These 10 states let you live in an RV on your own property

States that allow RV living: A Winnebago Voyage RV camper in the Tampa backcountry
A Winnebago Voyage RV in Tampa, Florida | Winnebago Industries, Inc.

Arizona, California, Colorado, Florida, New York, Nevada, Pennsylvania, South Dakota, Texas, and Washington allow you to live in an RV on your property. That’s great news because many of those states are among the best for camping in an RV.

Camping in a vehicle and living in one are different, but folks who live in their RVs might still want to take their rig on a camping trip occasionally. If they do, the best state for that is California because it has an excellent mix of attractions and amenities for RVs. Washington is great, too, as are Colorado, Texas, and Florida. Arizona and Pennsylvania are decent for campers, but Nevada and South Dakota aren’t so great. Why?

Some states are more lenient than others

Although those 10 states allow people to live in an RV on their own property, there are many considerations owners should make before moving to any of those states. The first one is economic. Because those states allow people to live in an RV on their own property, property prices, and the owner’s job will matter.

RV owners who work remotely will probably have it easier than others. Folks with such a job might want to consider states with low property taxes or no or low state income tax. Washington, Texas, and Florida don’t have a state income tax, and Colorado’s income tax is low. And although California has a state income tax, its property taxes are below average.
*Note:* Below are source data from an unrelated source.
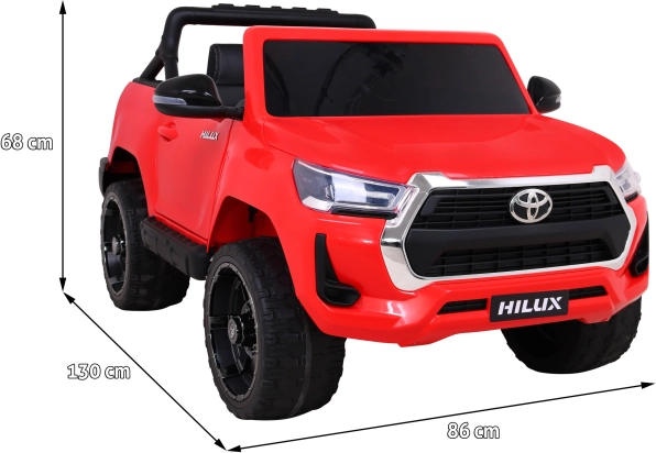 Het gelicentieerde ontwerp van de legendarische pick-up TOYOTA Hilux in kinderuitvoering verrast met realistische details, te openen deuren en een optionele 4x4/2x2-aandrijving. De sterke 12V/14Ah-accu en vier 45 W-motoren zorgen voor een soepele start en voldoende vermogen voor zowel de tuin als harde ondergronden.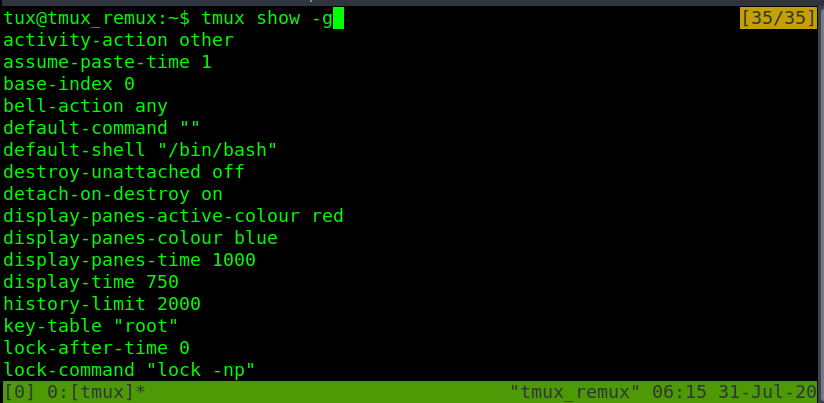 Before crafting a custom configuration file for tmux. It might be a good idea to show all the options of the defaults. With tmux show -g argument for global.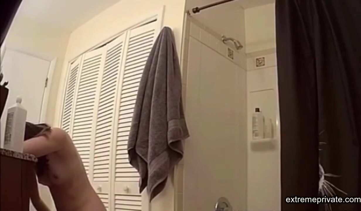 Before taking a shower, my stepsister (19) masturbates in front of the sink and watches her own face in the mirror as she cums. My hidden camera was there.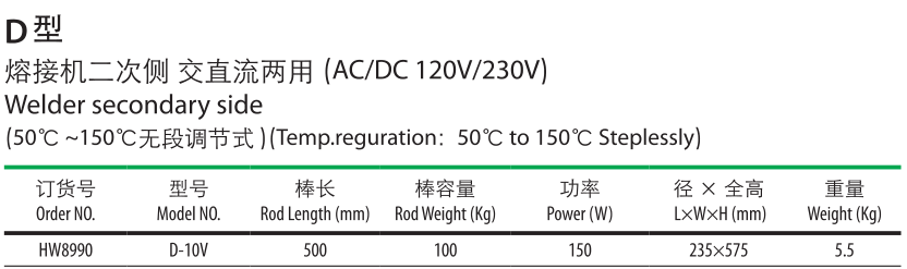 D型熔接機二次側(cè)交直流兩用。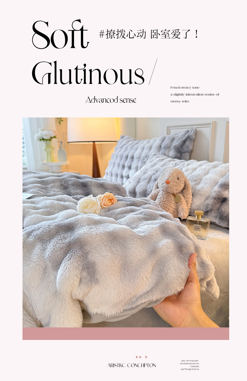 商品名称:唐人居 2025新款泡泡兔毛牛奶绒四件套--七彩 豆沙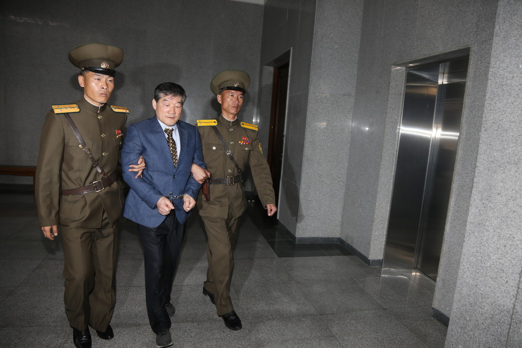 ▲目前總共有3名美國公民遭北韓拘留,上圖是牧師金東哲(中)。(圖/達志影像/美聯社)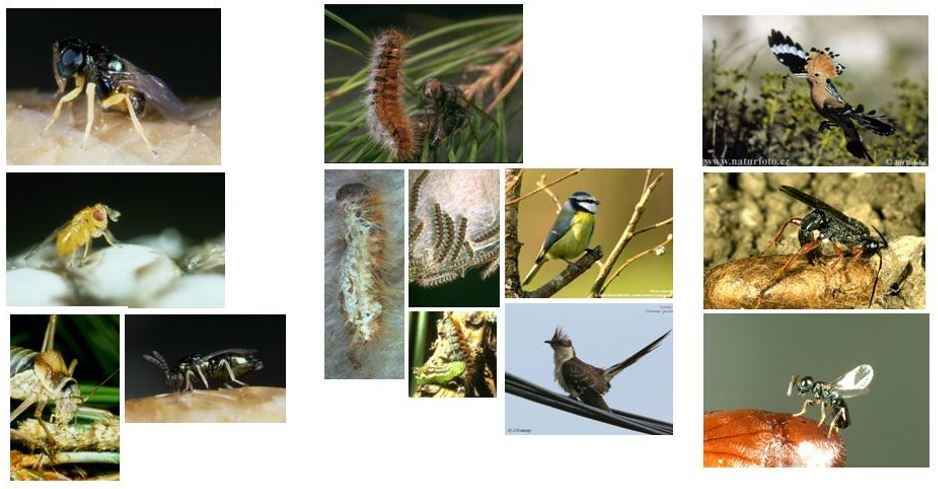 L’utilisation de la lutte chimique a fortement baissé depuis quelques années, notamment parce qu’elle pose des problèmes écologiques. En effet, les substances utilisées ne sont pas sélectives et persistent sur les feuillages pendant une durée assez longue. La lutte chimique peut ainsi détruire également le cortège d’ennemis naturels de la processionnaire du pin (figure 1).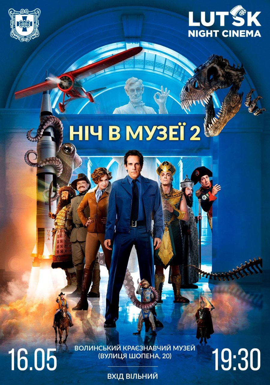 Цього разу це буде фільм «Ніч у музеї – 2». Захід розпочнеться о 19:30. Вікове обмеження: 6+.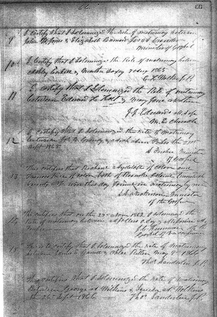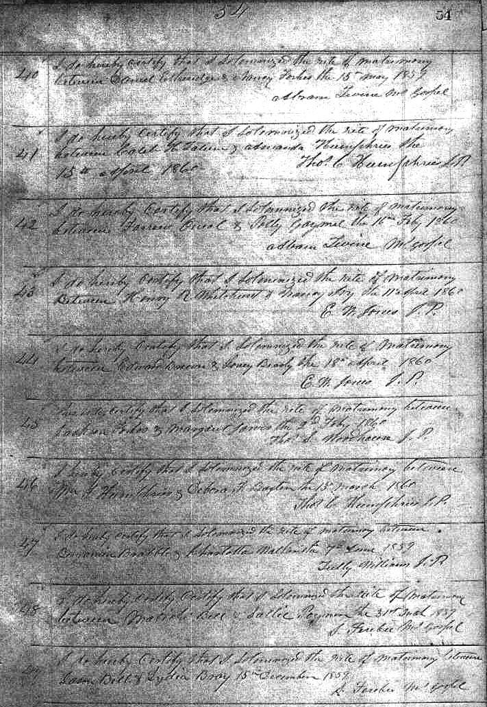 | Hampton, Malisia | Smith, Dempsey | Dec. 31, 1865 | Wm. S. Mercer J.P. | ||||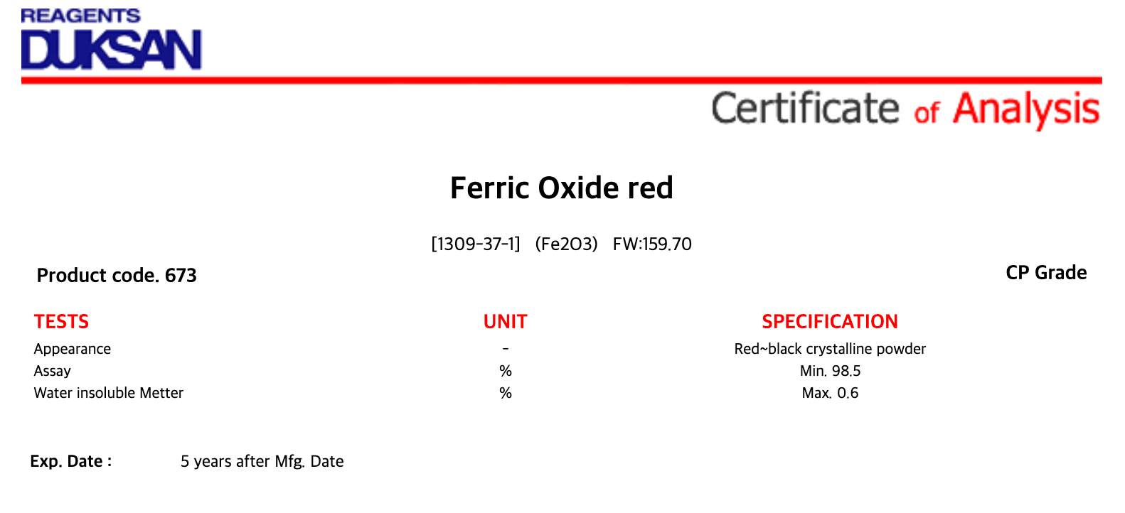 1. Ferric Oxide red, CP, 500 g, CAS# 1309-37-1

In addition, although South Dakota is not a great state for RV camping, it’s one of the few offering mail-forwarding services.

RV owners should also research other laws that might affect them. For example, California, Colorado, and Washington are marijuana-friendly, while states like Texas are not. And even if states allow RV living, cities and municipalities within those states might still discourage it, VEHQ reports.

RV laws vary by state and municipality

Varying laws are among the main annoyances with RV living. The United States is complex, and each state can regulate recreational vehicles. For example, even though people can legally live in an RV full-time on their own property in the Golden State, California restricts where RVs can park, how large those vehicles can be on public roads, etc.

Local laws further complicate matters. Municipalities can make their own rules, so the laws can vary greatly, even in RV-friendly states. That’s why owners should do their homework when considering areas for RV living.